Darcy didn't say it out loud.

“Able to…really get to dead people?” Delilah said.

“No,” she said. “I had a friend once. He taught me,” she said simply.

“Okay, okay,” Clint said. “Darcy gave us all a start. We've all been so freaked out that we haven't stopped to wonder just what it meant.” He was looking at Darcy expectantly.

She shook her head. “I'm going to have to see the tape, Clint.”

“So you, like, black out, when that happens?” Jason asked her.

“Not really. But I don't have a clear vision of what happened.”

“You really had a different voice,” Delilah told her.

“A very frightened voice,” Carter said.

“The point is, what was the voice so frightened of?” Penny said.

“Right. How can someone dead be so terrified?” Delilah asked.

Darcy shrugged and answered slowly, carefully. “Hauntings are usually caused by a spirit's inability to get past certain moments in life. Maybe they haven't accepted the fact that they're dead.”

“Say this is Arabella,” Penny chimed in, excited, “and she was murdered. Maybe she thinks that she can get help, and it won't happen.”

“There's probably a line,” Liz put in excitedly. “A delicate, fragile line, between life and death. But those who died violently or in painful circumstances can't quite find the line. So they're in limbo. And still afraid, perhaps, of the things that frightened them in life.”

“That may be the answer,” Darcy told her.

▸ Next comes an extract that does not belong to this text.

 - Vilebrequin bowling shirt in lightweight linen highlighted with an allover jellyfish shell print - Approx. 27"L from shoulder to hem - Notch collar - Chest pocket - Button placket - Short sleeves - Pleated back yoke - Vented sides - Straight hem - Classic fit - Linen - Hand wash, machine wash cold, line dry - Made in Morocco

“We have to find out what that poor creature is afraid of!” Liz said.

“I agree,” Penny said, swallowing down the last of her scotch. “Adam should have let us start over. Maybe we could try right now.”

Darcy shook her head. “She won't come back now.”

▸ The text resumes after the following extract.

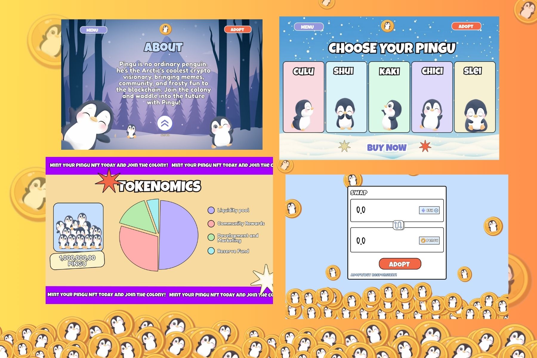 This layout introduces $PINGU's quirky ecosystem with adoptable penguins, tokenomics, roadmap, and an NFT minting section. Designed to spark curiosity and drive community interaction for early-stage Web3 audiences.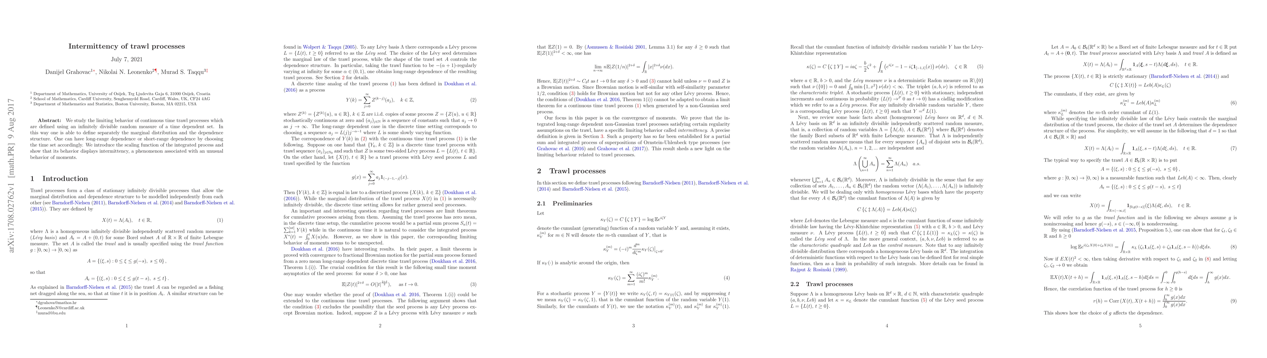 This paper studies trawl processes with intermittent behavior, which displays unusual patterns of moments due to long-range dependence. It introduces a scaling function to analyze this phenomenon and shows its connection to the limiting behavior of continuous time trawl processes.

“How do you know that?” Carter asked.

“Fine lines,” Darcy told him. “She's retreated.”

“Is she watching us?” Clint asked.

Darcy hesitated. “I don't…feel…anything right now. Whatever ghosts reside here, they've all stepped back.”

Delilah turned to Carter. “I have my own car, but I think I'm afraid to drive home alone.” She looked abashed at Darcy. “It's so dark around here. These roads at night are creepy on their own, and I'm going to think there's a ghost at my shoulder all the way home.”

“Delilah, it will be my pleasure to drive home with you in your car,” Carter told her.